# Your instructions
Using the material below, repeat exactly the lines from the one with "A vibrant fruit" through the one with "[기초-반복실행구조] 문자 1개 입력받아 알파벳 출력하기(설명)(py)", ends included, without any images.

(Dataset extract)

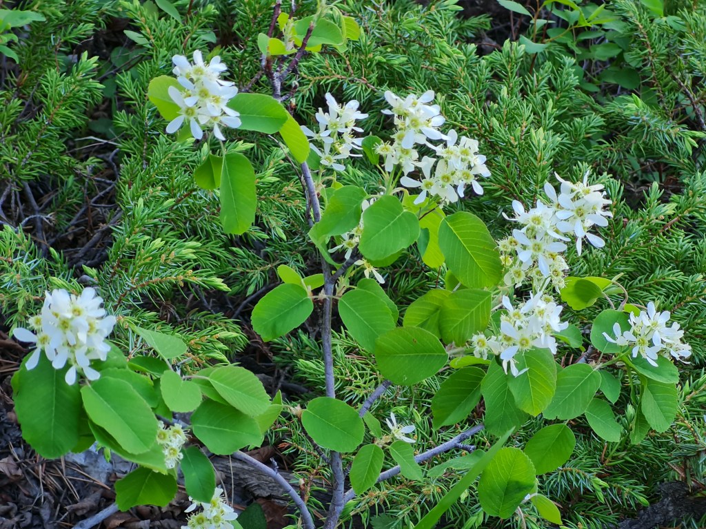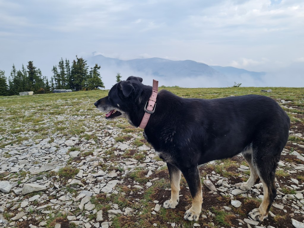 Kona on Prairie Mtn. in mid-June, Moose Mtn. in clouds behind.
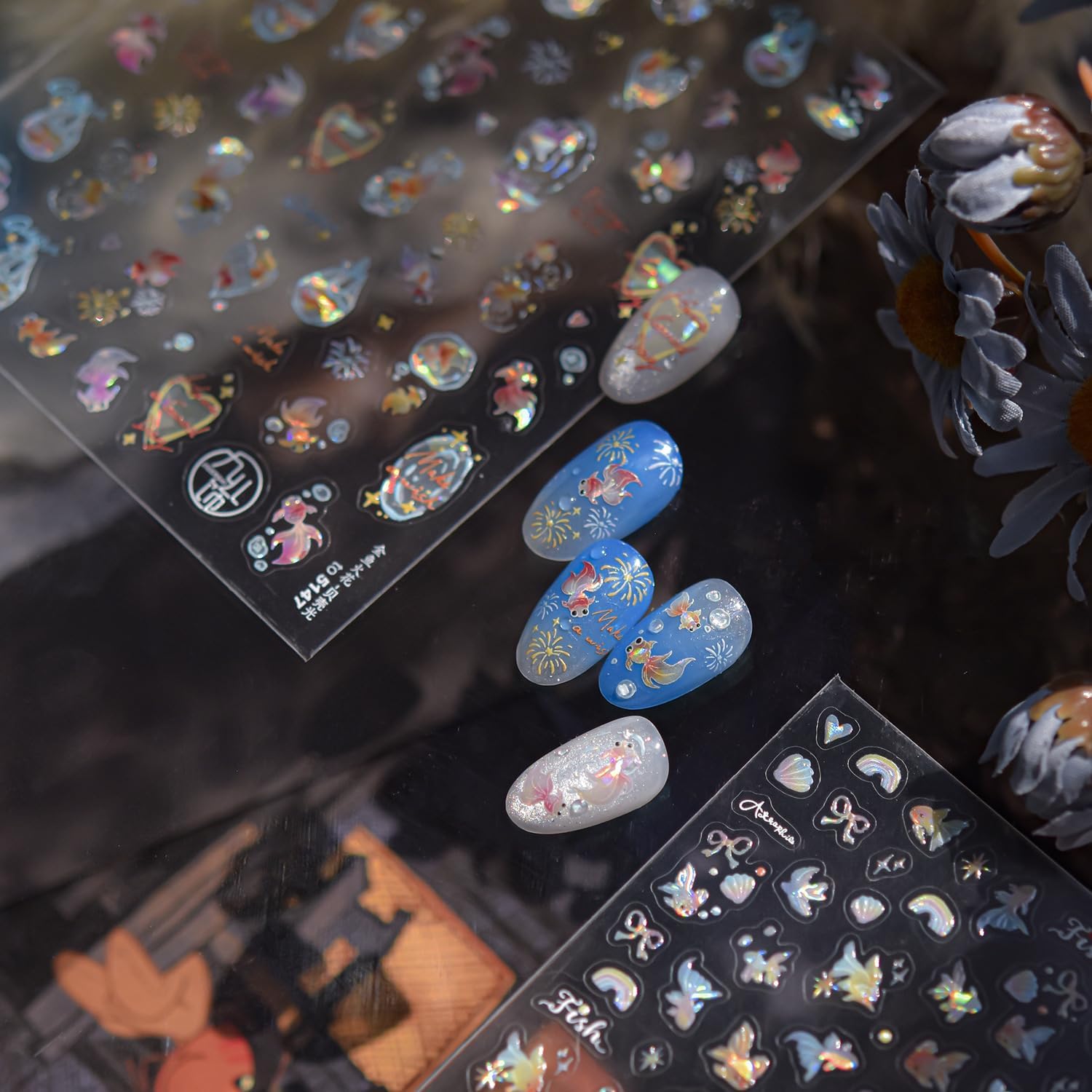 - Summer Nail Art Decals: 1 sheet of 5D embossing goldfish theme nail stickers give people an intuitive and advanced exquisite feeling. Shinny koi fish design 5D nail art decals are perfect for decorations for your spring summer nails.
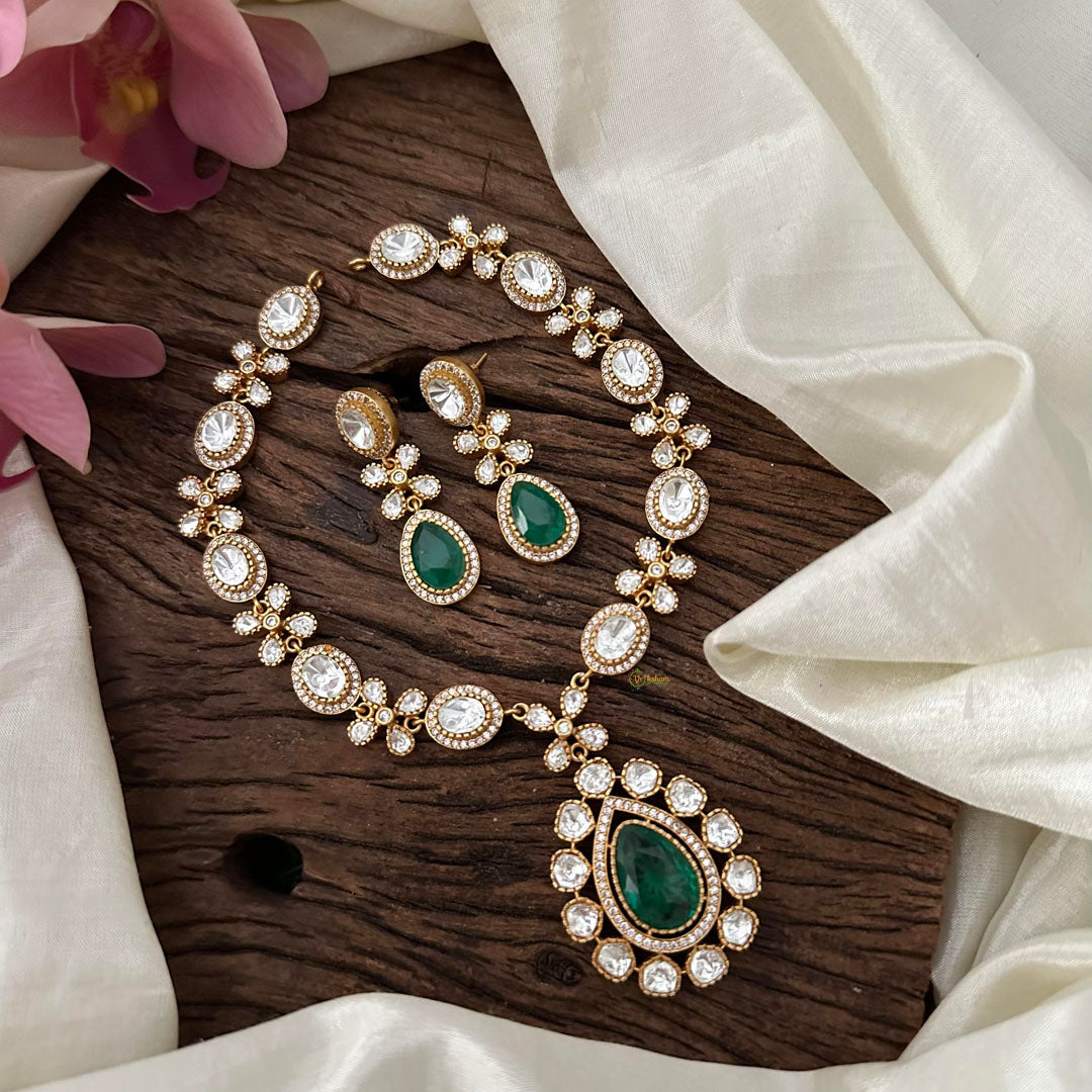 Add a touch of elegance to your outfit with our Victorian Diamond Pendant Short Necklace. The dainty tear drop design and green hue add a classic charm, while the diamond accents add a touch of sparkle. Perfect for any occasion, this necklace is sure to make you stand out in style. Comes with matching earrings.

(End Dataset extract)
(Dataset extract)

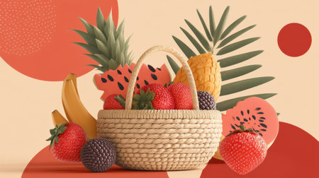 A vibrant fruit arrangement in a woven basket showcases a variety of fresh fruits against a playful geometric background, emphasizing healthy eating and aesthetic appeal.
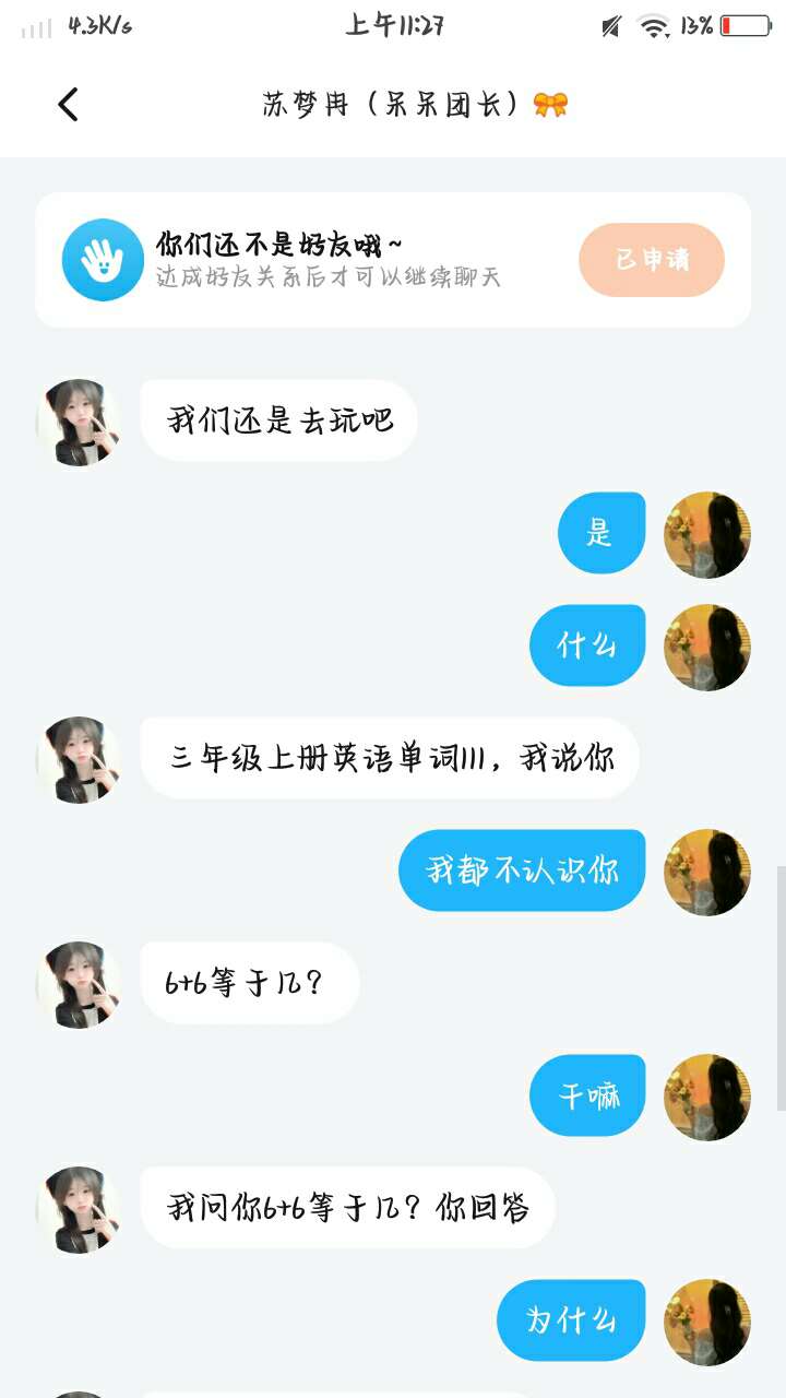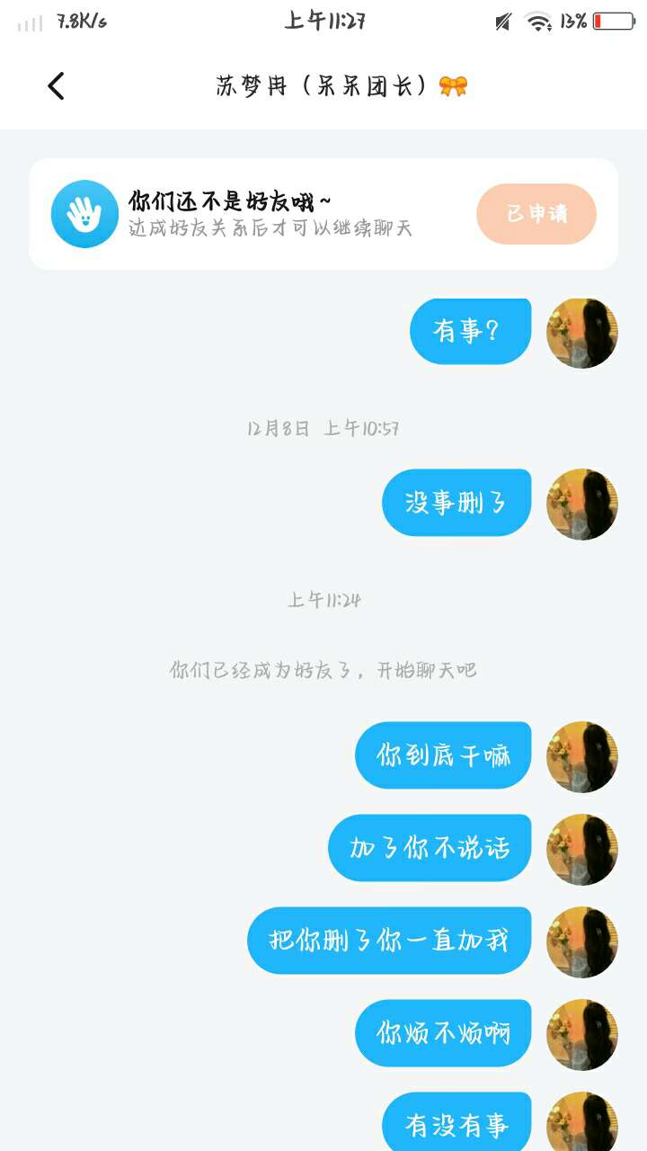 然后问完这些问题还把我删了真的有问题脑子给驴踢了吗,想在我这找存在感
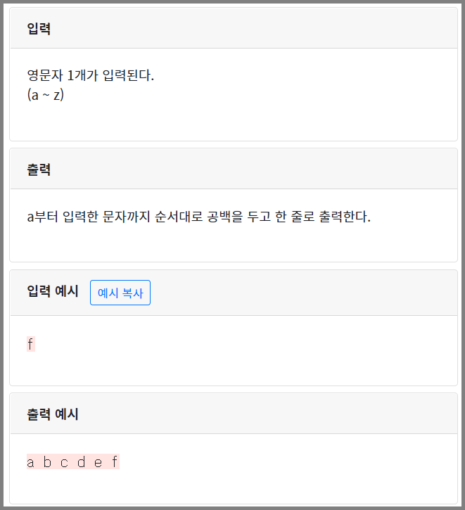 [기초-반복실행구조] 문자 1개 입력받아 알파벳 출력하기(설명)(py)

(End Dataset extract)

# Answer section
 A vibrant fruit arrangement in a woven basket showcases a variety of fresh fruits against a playful geometric background, emphasizing healthy eating and aesthetic appeal.
 然后问完这些问题还把我删了真的有问题脑子给驴踢了吗,想在我这找存在感
 [기초-반복실행구조] 문자 1개 입력받아 알파벳 출력하기(설명)(py)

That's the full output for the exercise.